The eAMS-Pharm uses patient data (asthma control, asthma flare-up risk, and current medications) to provide clinical decision support to pharmacists, empowering them to bridge existing gaps between guideline-recommended asthma care and patient care received.
Full description
Asthma is the third most common chronic disease in adults and is increasing in prevalence. Although effective therapies exist and well-controlled asthma is achievable in most patients, studies demonstrate that up to 90% of Canadians with asthma are poorly controlled. This poor control and associated health system burden are attributable to 4 major gaps in care: 1) failure to ascertain asthma control according to guideline criteria; 2) failure to escalate pharmacotherapy in response to suboptimal control; 3) failure to provide a written asthma action plan (AAP) (a personalized plan produced by a health care professional for a patient, providing education and guidance for self-management of flares); and 4) failure to refer patients with severe asthma to specialty care for biologic therapies (these were 4 of the 6 quality statements in Health Quality Ontario's Asthma Quality Standards).

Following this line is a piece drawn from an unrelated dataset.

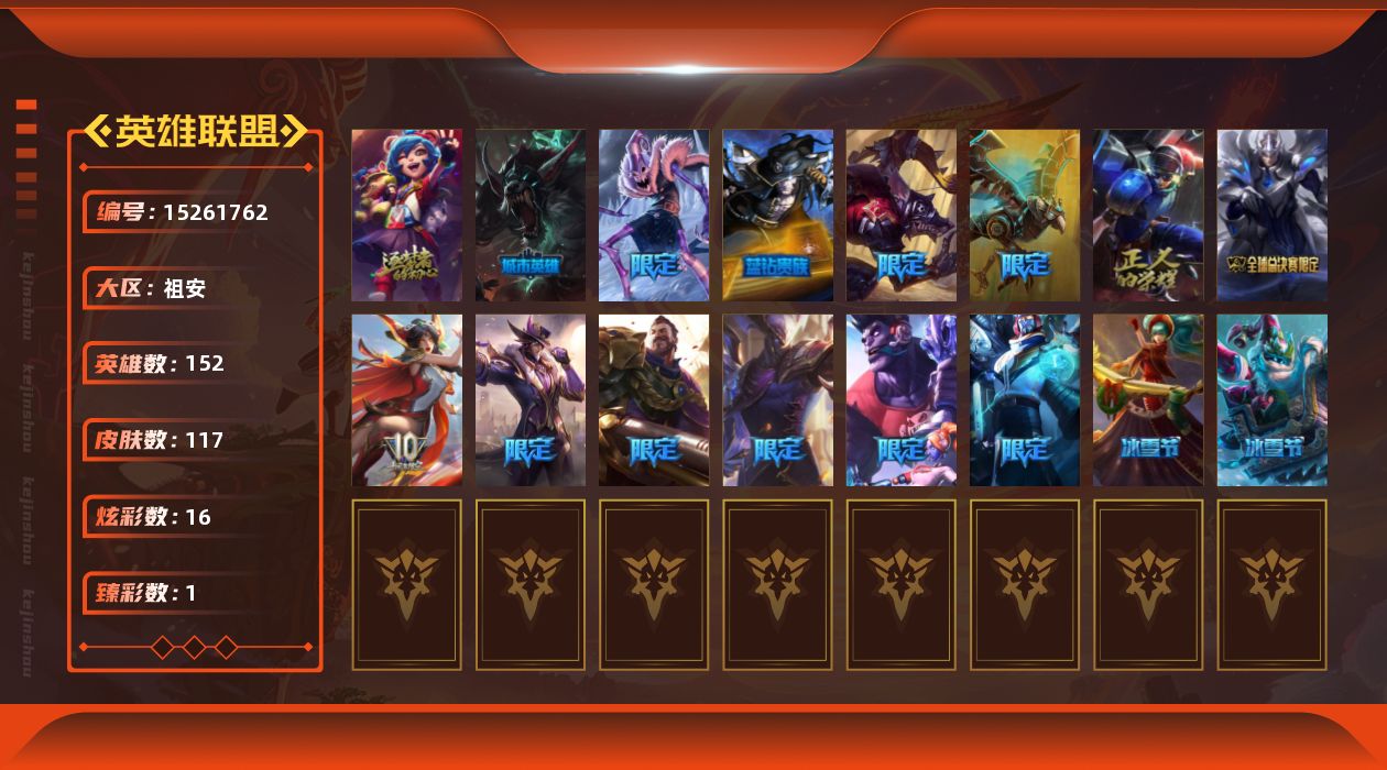 [15261762][店主推荐捡漏号]白银段位-152英雄-117皮肤-16炫彩-0终极-1神话-16限定-9传说-37史诗

The Electronic Asthma Management System (eAMS) is a validated tool that has the potential to address the 4 major gaps in care. The eAMS consists of a web-based portal-based e-questionnaire, which collects asthma parameters directly from patients. A point-of-care Computerized Decision Support System (CDSS) receives and processes questionnaire data to produce guideline-based decision support such as assessments of asthma control, relevant medication change recommendations, and a personalized asthma action plan (AAP). There are also web-based education resources in the patient portal. The eAMS was proven to improve asthma management in primary care across these care gaps and is used in 16 primary care clinics, with ~215 providers and ~7200 patients with asthma. Now, with the increasingly critical role that pharmacists are playing in Canada's healthcare ecosystem, the eAMS can also be used to empower pharmacists to help optimize chronic disease care.
Pharmacists' scope of practice is growing rapidly in Ontario and across Canada. At the same time, asthma control remains suboptimal for millions of Canadians. Furthermore, the eAMS has been extensively studied and validated as an optimal tool to improve asthma management in primary care. The use of the eAMS in pharmacies presents a unique opportunity to involve pharmacists in chronic disease care while also reducing the burden on primary care. To address limited primary care access and given rapid the expansion of pharmacists' role of in care delivery, the investigators adapted the platform to build the eAMS-Pharm - a chronic disease quality improvement tool for pharmacists. The results of this study will inform the broader implementation of the eAMS across pharmacies and similar knowledge translation tools in pharmacies in the future.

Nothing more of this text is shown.